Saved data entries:
·····
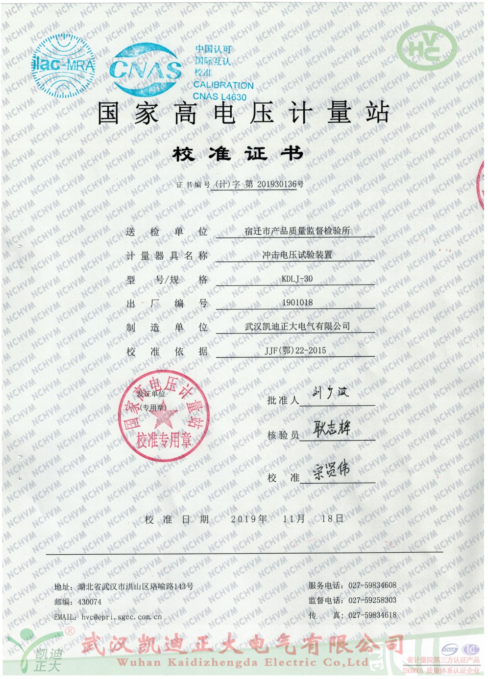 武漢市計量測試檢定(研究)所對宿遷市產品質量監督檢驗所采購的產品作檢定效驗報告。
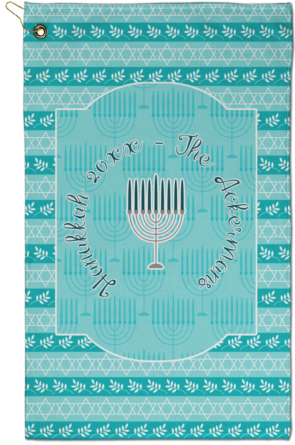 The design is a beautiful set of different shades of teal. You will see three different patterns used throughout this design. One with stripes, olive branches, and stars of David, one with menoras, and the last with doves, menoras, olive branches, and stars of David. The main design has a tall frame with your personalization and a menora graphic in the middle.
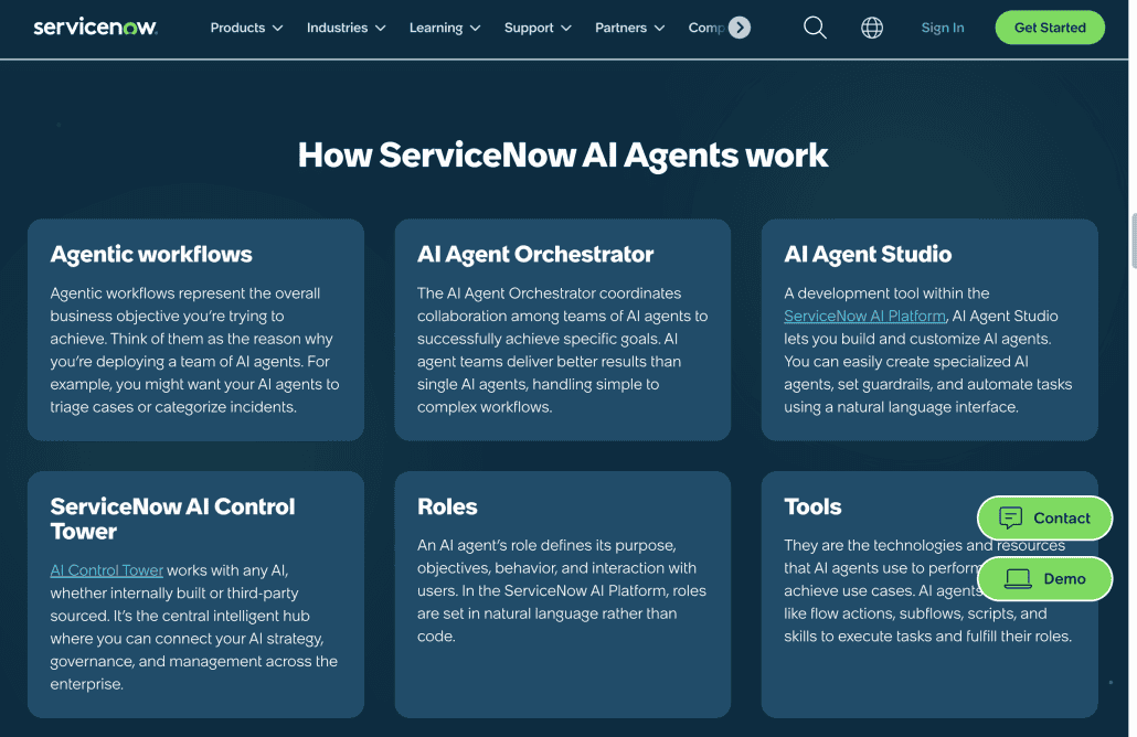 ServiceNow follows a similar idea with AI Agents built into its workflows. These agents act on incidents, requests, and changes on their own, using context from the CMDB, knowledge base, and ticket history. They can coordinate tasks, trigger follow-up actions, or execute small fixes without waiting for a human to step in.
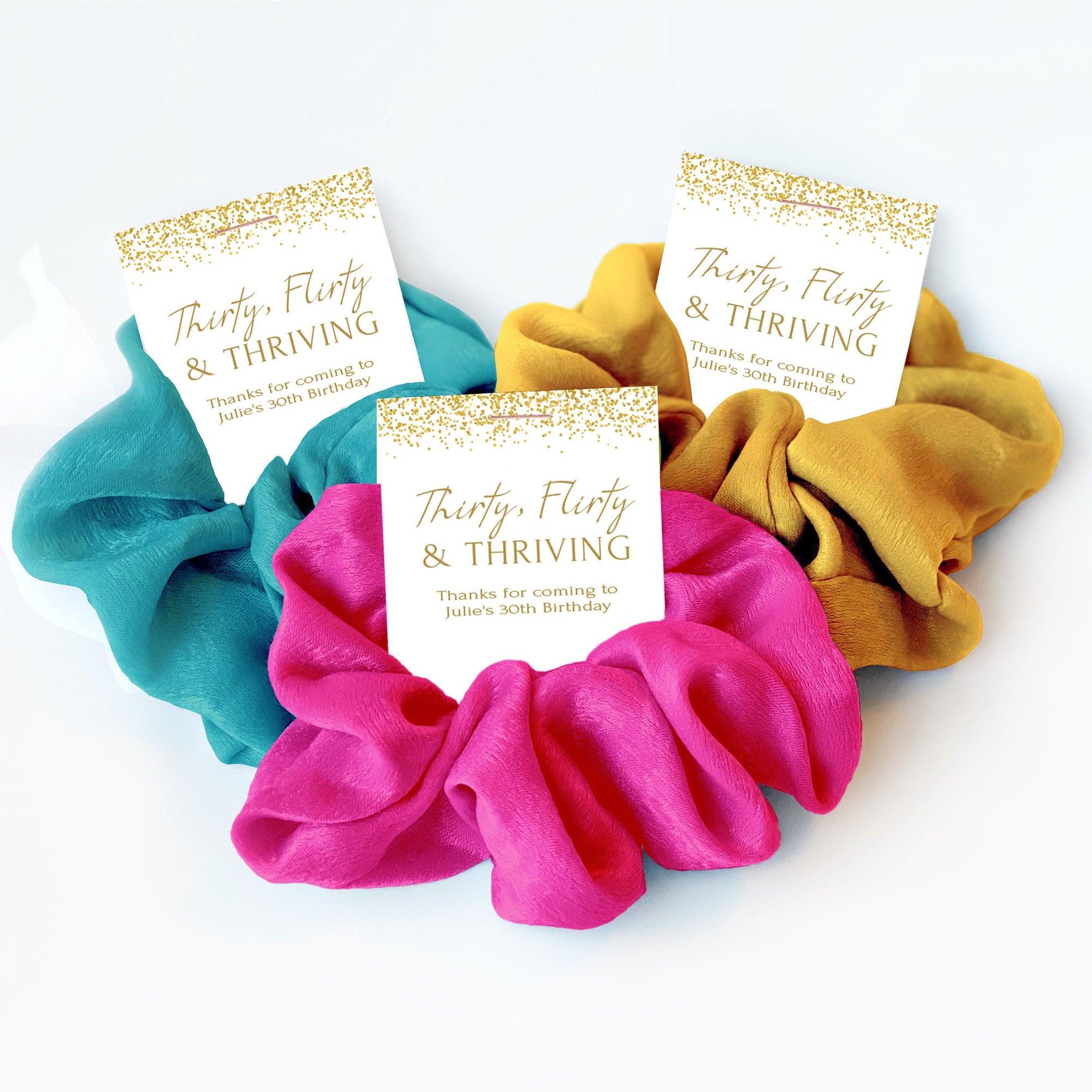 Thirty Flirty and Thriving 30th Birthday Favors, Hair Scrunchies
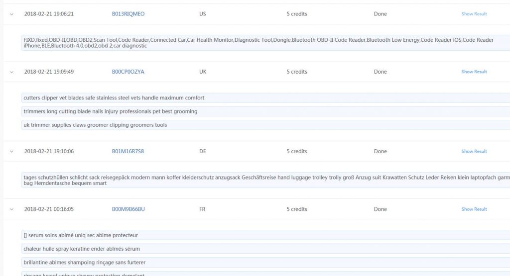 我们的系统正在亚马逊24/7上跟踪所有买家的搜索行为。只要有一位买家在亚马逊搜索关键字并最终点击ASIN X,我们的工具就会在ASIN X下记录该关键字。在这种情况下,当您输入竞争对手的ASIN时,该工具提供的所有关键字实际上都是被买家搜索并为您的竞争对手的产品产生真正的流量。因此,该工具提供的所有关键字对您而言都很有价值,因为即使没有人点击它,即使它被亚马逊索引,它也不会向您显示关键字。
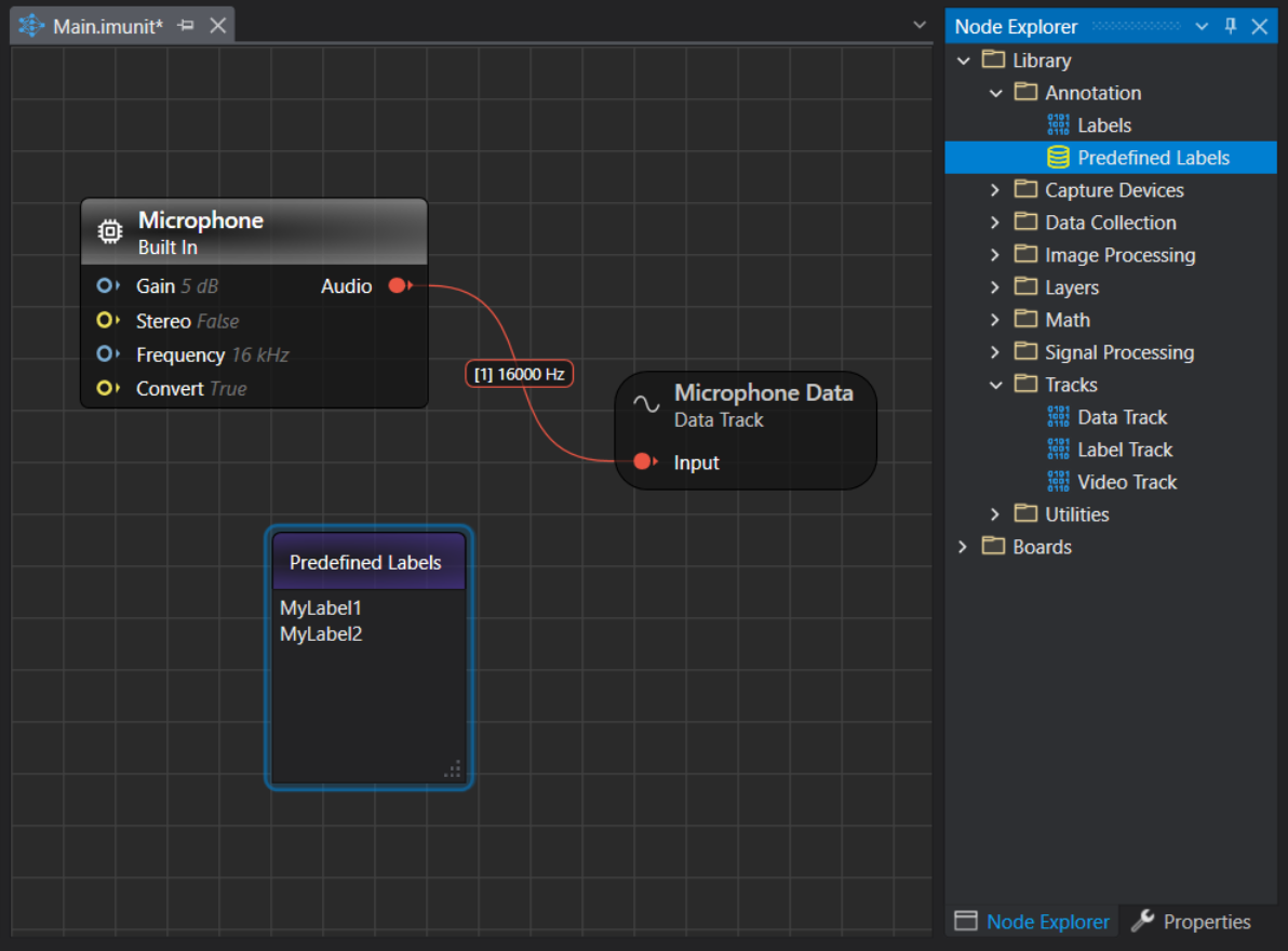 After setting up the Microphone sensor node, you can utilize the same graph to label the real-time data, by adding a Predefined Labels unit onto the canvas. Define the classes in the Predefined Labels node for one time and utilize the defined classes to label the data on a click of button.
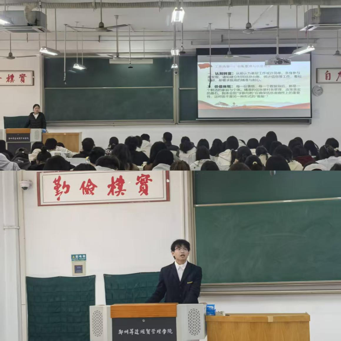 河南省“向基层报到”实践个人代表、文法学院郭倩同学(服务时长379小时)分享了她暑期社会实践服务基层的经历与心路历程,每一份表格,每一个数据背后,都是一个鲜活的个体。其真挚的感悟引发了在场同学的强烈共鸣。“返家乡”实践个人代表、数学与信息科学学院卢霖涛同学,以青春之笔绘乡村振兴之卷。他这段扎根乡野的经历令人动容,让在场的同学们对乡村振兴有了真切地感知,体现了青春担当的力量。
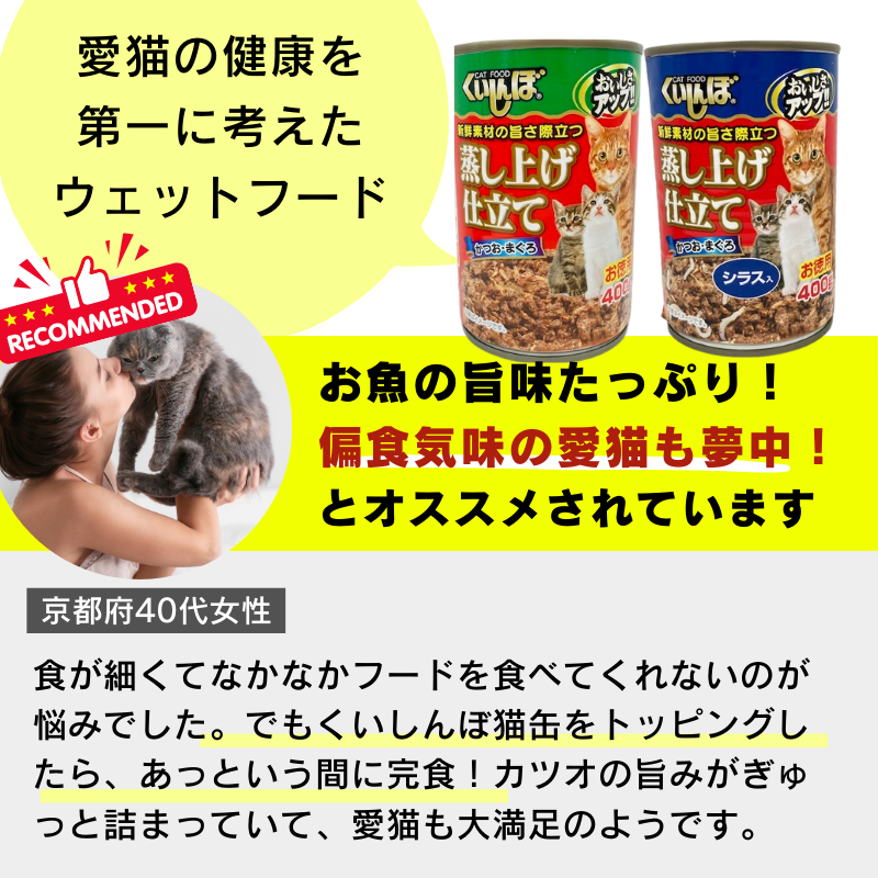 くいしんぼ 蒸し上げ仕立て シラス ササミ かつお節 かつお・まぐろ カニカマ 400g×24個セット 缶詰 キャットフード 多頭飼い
·····
EXERCISE: Exclude the images and reproduce the remaining data exactly.

ANSWER FOR THE TASK:
 武漢市計量測試檢定(研究)所對宿遷市產品質量監督檢驗所采購的產品作檢定效驗報告。
 The design is a beautiful set of different shades of teal. You will see three different patterns used throughout this design. One with stripes, olive branches, and stars of David, one with menoras, and the last with doves, menoras, olive branches, and stars of David. The main design has a tall frame with your personalization and a menora graphic in the middle.
 ServiceNow follows a similar idea with AI Agents built into its workflows. These agents act on incidents, requests, and changes on their own, using context from the CMDB, knowledge base, and ticket history. They can coordinate tasks, trigger follow-up actions, or execute small fixes without waiting for a human to step in.
 Thirty Flirty and Thriving 30th Birthday Favors, Hair Scrunchies
 我们的系统正在亚马逊24/7上跟踪所有买家的搜索行为。只要有一位买家在亚马逊搜索关键字并最终点击ASIN X,我们的工具就会在ASIN X下记录该关键字。在这种情况下,当您输入竞争对手的ASIN时,该工具提供的所有关键字实际上都是被买家搜索并为您的竞争对手的产品产生真正的流量。因此,该工具提供的所有关键字对您而言都很有价值,因为即使没有人点击它,即使它被亚马逊索引,它也不会向您显示关键字。
 After setting up the Microphone sensor node, you can utilize the same graph to label the real-time data, by adding a Predefined Labels unit onto the canvas. Define the classes in the Predefined Labels node for one time and utilize the defined classes to label the data on a click of button.
 河南省“向基层报到”实践个人代表、文法学院郭倩同学(服务时长379小时)分享了她暑期社会实践服务基层的经历与心路历程,每一份表格,每一个数据背后,都是一个鲜活的个体。其真挚的感悟引发了在场同学的强烈共鸣。“返家乡”实践个人代表、数学与信息科学学院卢霖涛同学,以青春之笔绘乡村振兴之卷。他这段扎根乡野的经历令人动容,让在场的同学们对乡村振兴有了真切地感知,体现了青春担当的力量。
 くいしんぼ 蒸し上げ仕立て シラス ササミ かつお節 かつお・まぐろ カニカマ 400g×24個セット 缶詰 キャットフード 多頭飼い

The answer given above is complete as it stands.